To get started, you have been given a map indicating the location of the first objective. Travel to the town of Tradegate to retrieve a magical wand and a golden key, which will be used to open a portal to the next quest location. Good luck!

---------------------

This campaign will use the 3.5 D&D rules and is designed to emulate NES role-playing games. Sessions will involve role-playing combat, problem solving and exploration. Each session should be a self-contained adventure, although some objectives may require a few sessions to play out. As the campaign progresses, the kingdom the players may one day rule will be revealed, along with the planes and pocket dimensions it borders. 

This game is intended to be light, fun and to allow a gamers to get to know one another in a casual atmosphere. After several months of gaming, it might be nice to transition to 4e after we've gelled as a group. 

We will play every other Sunday from 12 to 4 (or 5) in Westwood at my apartment. I have space for up to 5 players.

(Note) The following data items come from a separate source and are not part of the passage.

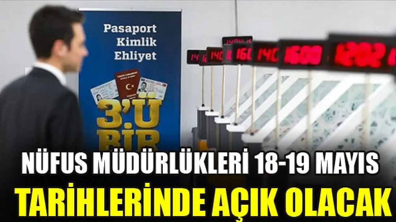 Nüfus müdürlükleri 18-19 Mayıs tarihlerinde açık olacak
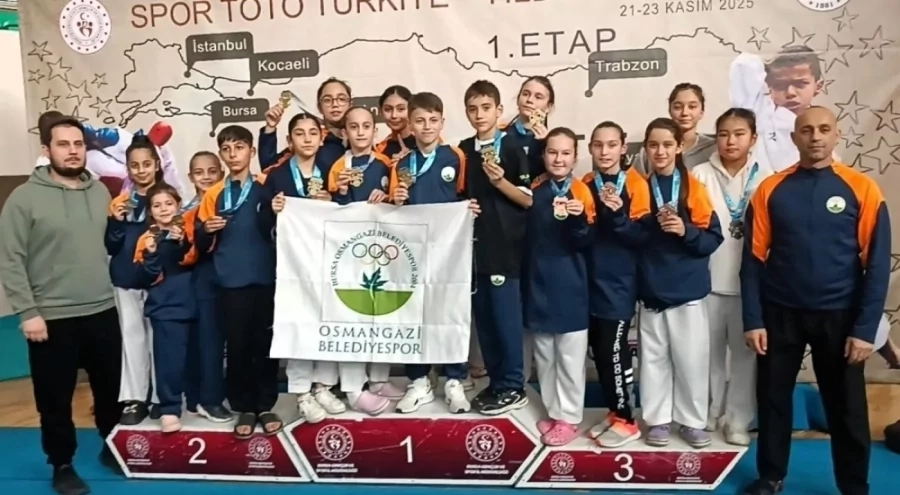 Türkiye Karate Federasyonu'nun 2025 yılı faaliyet programında yer alan Türkiye Yıldızlar Ligi 1. Etap Karate Turnuvası, nefes kesen karşılaşmalara sahne oldu. Toplam 7 il, 40 kulüp ve 350 sporcunun boy gösterdiği müsabakaya Osmangazi Belediyespor Karate Takımı, adeta damga vurdu. Turnuvaya 26 sporcu ile katılan ekip, rakipleri karşısında 9 altın, 10 gümüş ve 5 bronz madalya kazanarak başarısını bir kez daha ortaya koydu. Sporcular ile antrenörlerini yürekten kutlayan Osmangazi Belediye Başkanı Erkan Aydın, genç yeteneklerin disiplinli çalışmalarının bu başarıda önemli bir rol oynadığını vurguladı.
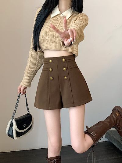 2024秋冬 防寒 あったか 厚手ウール生地パンツショート丈ストレートハイウエストゆったり 脚長美脚細見え春カジュアル黒白韓国系ファッションレディースおしゃれ かわいい衣装トラック
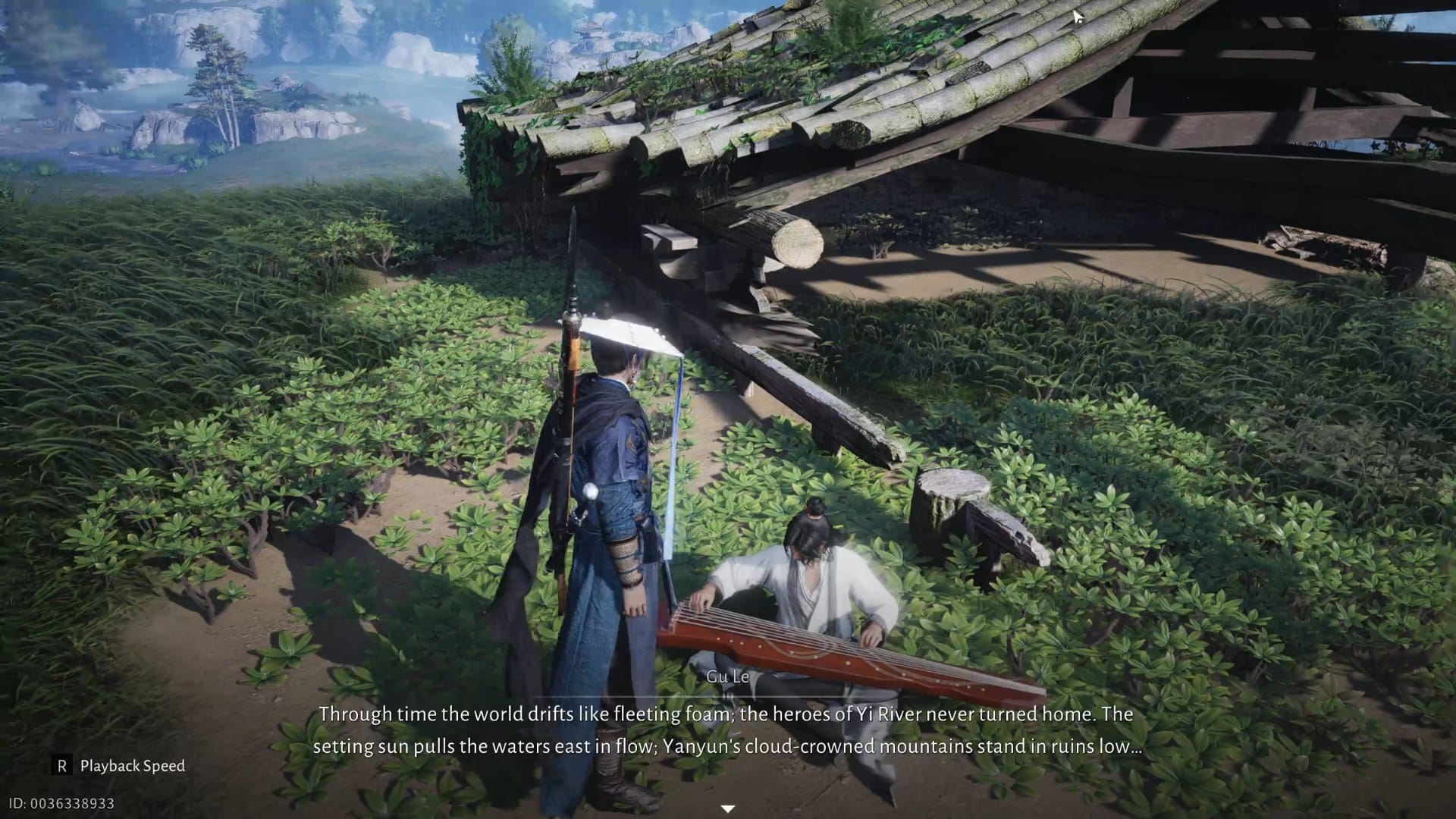 At the top of the hill, next to a small abandoned hut, will be the Guqin player. His name is Gu Le.
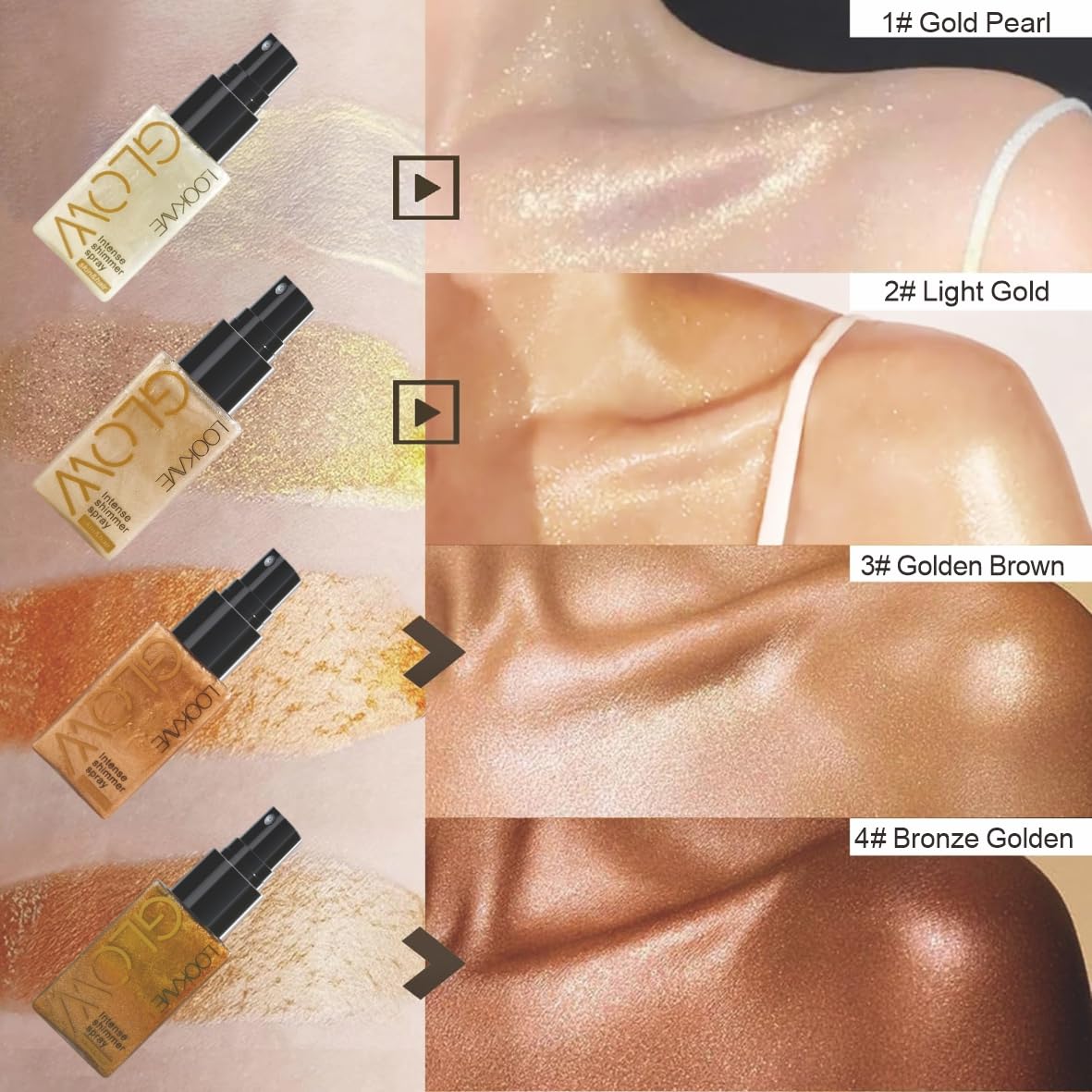 4 Colors Available: There are 4 different colors available for you, include 1# Gold Pearl, 2# Light Gold, 3# Golden Brown, 4# Bronze Golden. You can choose the suitable color to make yourself charming
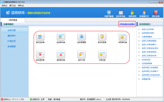 設置啟用的功能模塊保存后,可以看到業務處理界面顯示的功能圖標已經隱藏了退貨模塊和訂單模塊,如圖3所示。
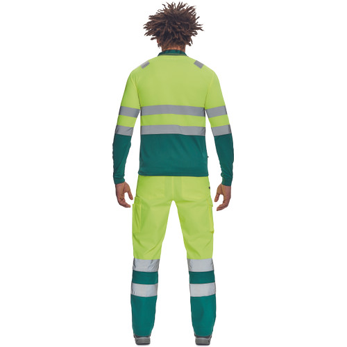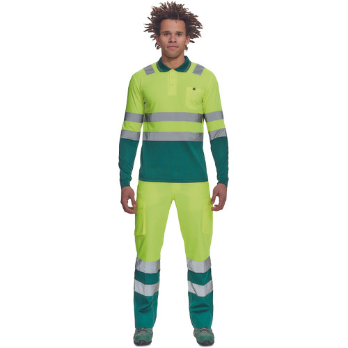 • Hi-Vis hosszú ujjú póló 5 cm széles fényvisszavető csíkokkal • 3 gombbal záródó nyakkivágás • rugalmas mandzsetta • kontrasztos színű gallér • 1 mellzseb

I'd like to get started this Sunday (March the 30th), play again the following Sunday (April the 6th) then assume a bi-weekly schedule. I think that two back to back sessions might help get us off to a good start. If that won't work with your schedule, then we can certainly make adjustments. 

We will use the PHB for character creation. All races and classes are welcome. Ability scores will be generated using the point buy method on page 169 in the DMG. Build your character with 28 points. 

About Me: My name is Christian. I'm 36, living in Westwood with my wife. I work in education and am a dedicated surfer. I also publish Iridia, a weekly role-playing game zine. Our home is smoke and alcohol free, although you are more than welcome to bring something to drink if you'd like. No smoking, though. Feel free to bring a lunch or you can order something for delivery. I hope you consider joining my campaign!

Hit me up at Christian@IridiaZine.net if you're interested.


----------



## HelloChristian (Mar 29, 2008)

Hello folks,

I'm still looking for a few more players. I've decided to push the start date to next Sunday, April 6. So far we have a rogue and ranger, so there's plenty of room. 

Peace,
Christian


----------



## HelloChristian (Apr 8, 2008)

Hello everyone,

We held our first session and had a great time. Three players were in attendance and it seemed to go quite well. I have set up a web space to act as a campaign log. Here's the link: http://iridiazine.net/quest.htm 

We are still in need to 1-2 players and would love to have you at the table. Our next session is going to be Sunday, April 20th from 12 to 5 pm.

Peace,
Christian


----------



## HelloChristian (Apr 22, 2008)

Heya folks,

We're looking for one last player, so hopefully this will be the last thread bump. I hate to bump my own thread, but a fifth player would be great. It would ensure that we'd always have enough PCs to run a game and the diversity of classes certainly wouldn't hurt.

We held our second session this past weekend (April 20) and will meet again on Sunday, May 4. Here's the link to our campaign log: http://iridiazine.net/quest.htm 

Peace,
Christian


----------